Extract precisely the lines that run from the line containing "- Heading Hold" to the end of the records below, with both ends included and pictures omitted.

*** Supplied material ***

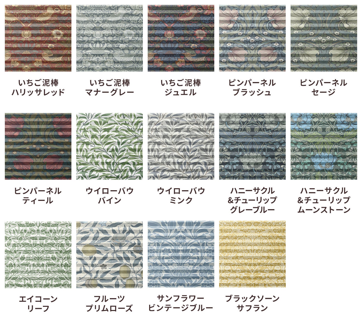 当社では遮光生地で20種類以上、採光生地で30種類以上の豊富なカラーバリエーションのハニカムシェードを展開しておりますが、このたびV&A に所蔵されているウィリアム・モリスのデザインからインスピレーションを得た「いちご泥棒」や「ウィローボウ」などの名作柄を中心に8つの柄・合計14のラインナップで遮光・採光生地のラインナップで新発売いたします。
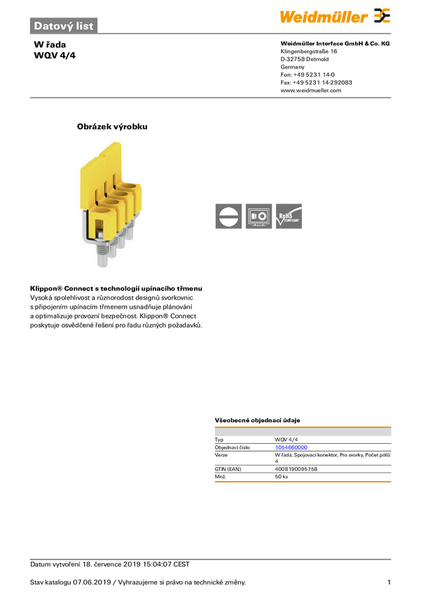 Łącznik krzyżowy Weidmüller WQV 4/4 1054660000-50, 50 szt.
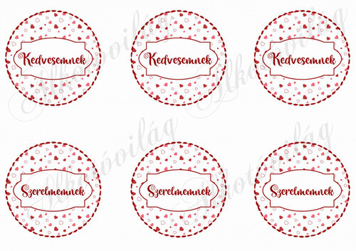 KEDVESEMNEK-SZERELMEMNEK felirat aprócska szíves körökben
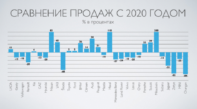 Согласно представленной ассоциацией статистике, из 31 бренда, реализовывавшего свои машины в 2020-21 годах, 17 сократили продажи, увеличили их – 14. Сильнее всех обвалились китайские Zotye (-82%) и Changan (-84%), Škoda упала на 68% – это последствия белорусских санкций. В результате один из лидеров рынка в минувшие годы занял в общем списке лишь 10 место.
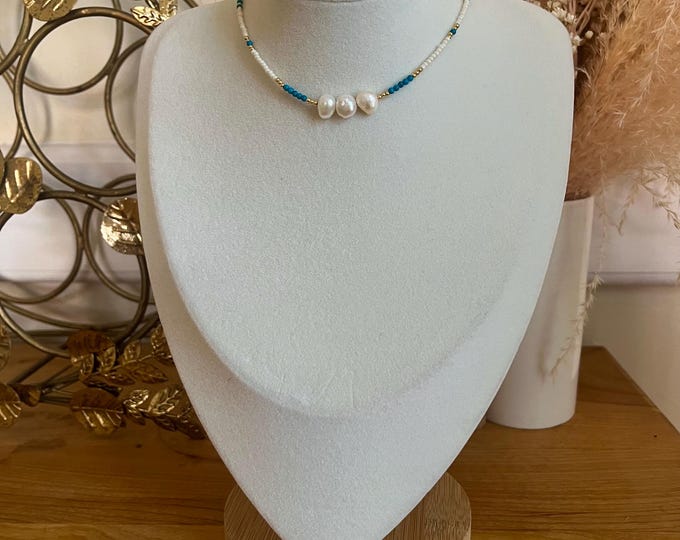 Beaded corolful necklace with gold plated and fresh water pearl beads
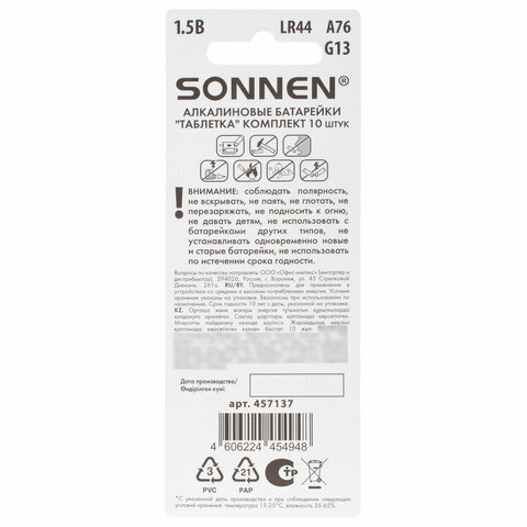 Батарейки алкалиновые "таблетка" КОМПЛЕКТ 10 шт., SONNEN Alkaline 76A (G13, LR44), в блистере, 457137
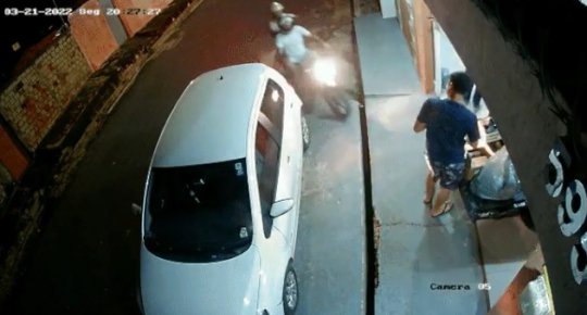 Uma imagem de câmera de segurança registrou o crime. O caso aconteceu na rua João Evangelista de Sá. As imagens mostram o policial dentro da garagem de casa, sem camisa, e o amigo do policial, vestindo camiseta azul.
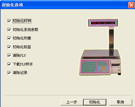 当电子秤内部参数乱掉或者想恢复出厂设置,可以选择电子秤初始化。点击“电子秤初始化”出现图一界面,选择要初始化电子秤的IP,点击“下一步”,在要初始化项处打勾,点击“初始化”。
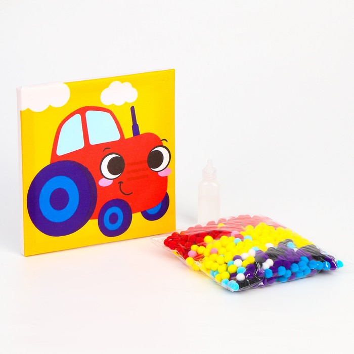Картина помпонами «Трактор», 20 х 20 см, аппликация помпошками — Характеристики
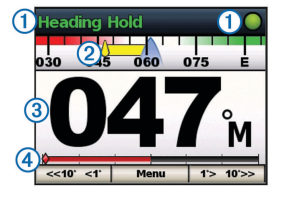- Heading Hold appears in green, and the autopilot status indicator appears in green when the device is in heading hold. Heading trend indicator.
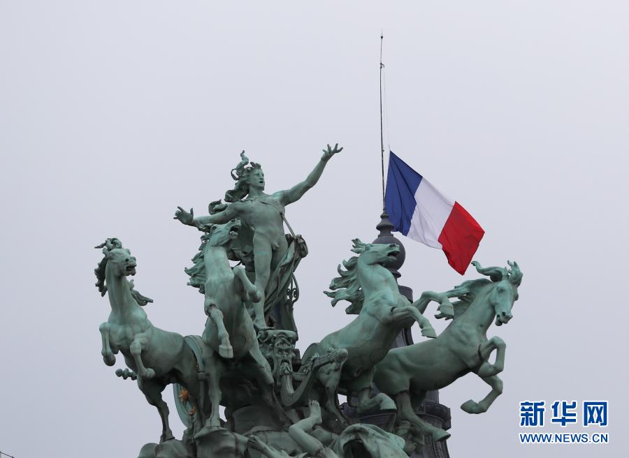 12月9日,法国巴黎大皇宫博物馆降半旗,悼念2日逝世的前总统德斯坦。
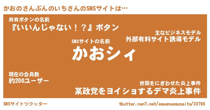 | 男性向けラノベタイトル風あだ名 | 『かおのさんぶんのいちの憂鬱』 |
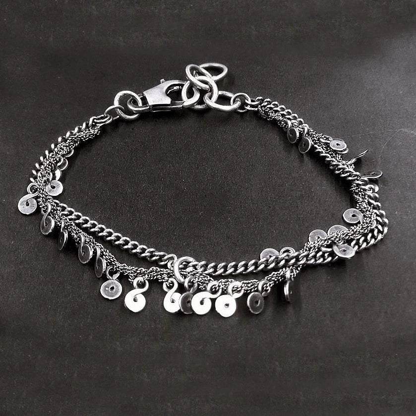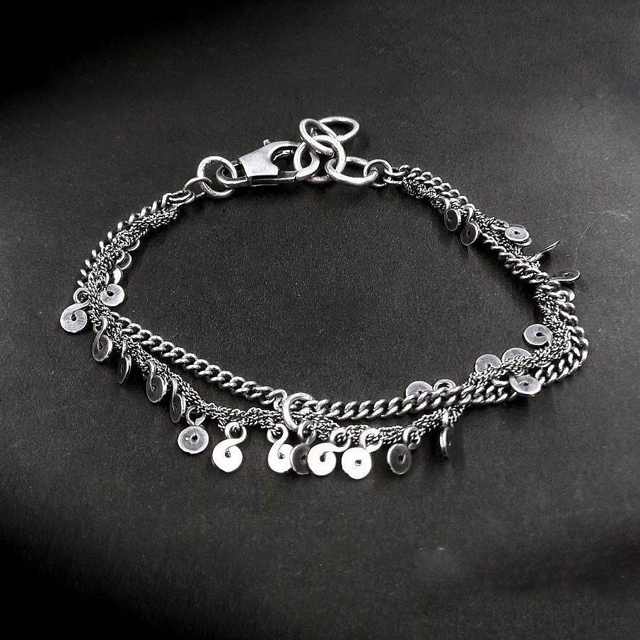 GOTI BR1119 Double Chain Multi-Pendant Bracelet, 925 Sterling Silver, Italy GT-BR1119
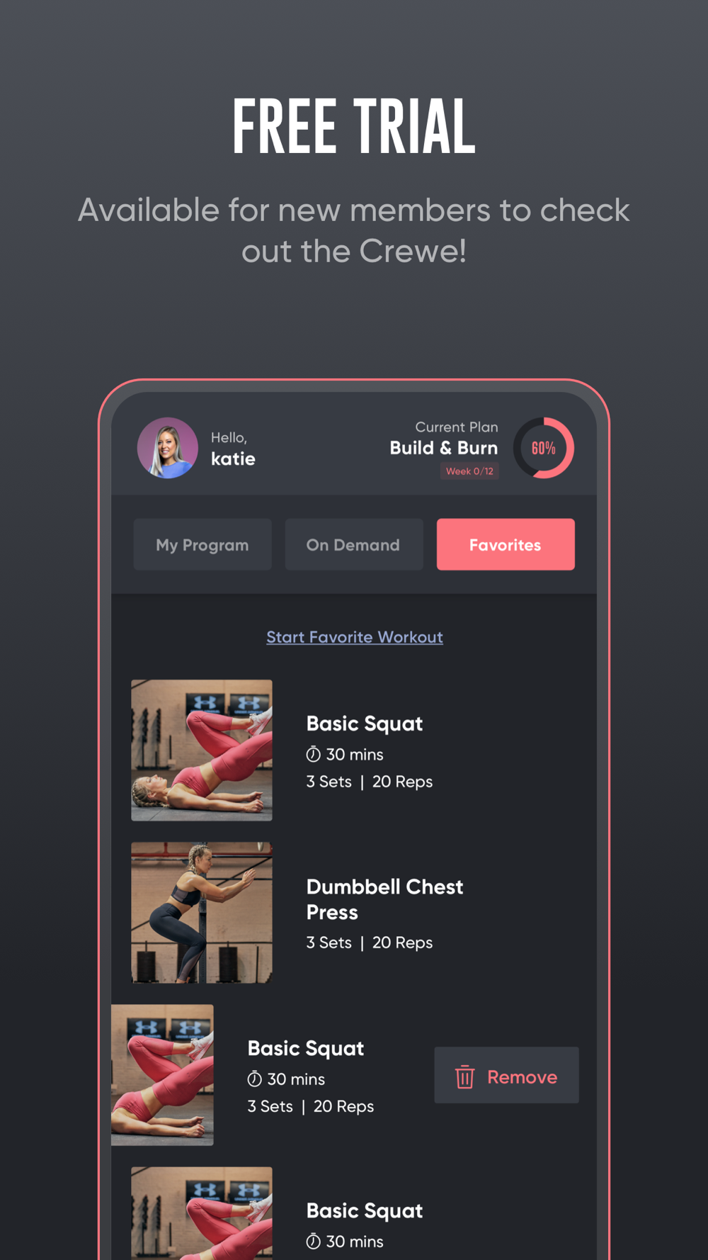 Gain confidence through strength, with intelligently programmed home and gym workouts by Katie Crewe. Join the Crewe and the community of over 1 million people who are making fitness a lifestyle and not a fad.
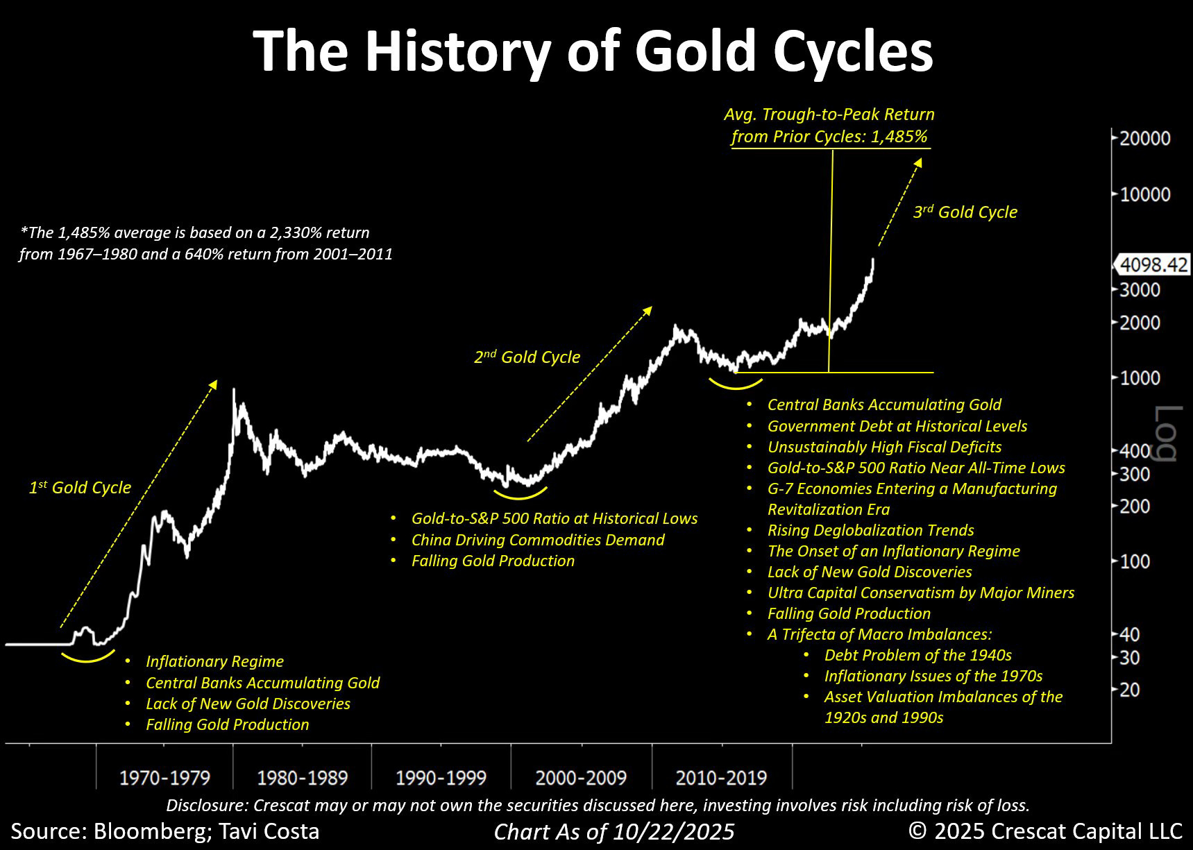 After taking 12 years to double from $1,000 to $2,000, gold doubled again in just five years, recently surpassing $4,000. Transition from $3,000 to $4,000 took just 200 days, and the jump to $4,400 took only 60. Now back to $4,000. What’s next?
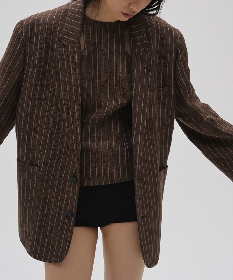 Boyfriend Stripe Linen Jacket ボーイフレンドストライプリネンジャケット/12610108

*** End of Supplied material ***

→ Task answer
- Heading Hold appears in green, and the autopilot status indicator appears in green when the device is in heading hold. Heading trend indicator.
 12月9日,法国巴黎大皇宫博物馆降半旗,悼念2日逝世的前总统德斯坦。
 | 男性向けラノベタイトル風あだ名 | 『かおのさんぶんのいちの憂鬱』 |
 GOTI BR1119 Double Chain Multi-Pendant Bracelet, 925 Sterling Silver, Italy GT-BR1119
 Gain confidence through strength, with intelligently programmed home and gym workouts by Katie Crewe. Join the Crewe and the community of over 1 million people who are making fitness a lifestyle and not a fad.
 After taking 12 years to double from $1,000 to $2,000, gold doubled again in just five years, recently surpassing $4,000. Transition from $3,000 to $4,000 took just 200 days, and the jump to $4,400 took only 60. Now back to $4,000. What’s next?
 Boyfriend Stripe Linen Jacket ボーイフレンドストライプリネンジャケット/12610108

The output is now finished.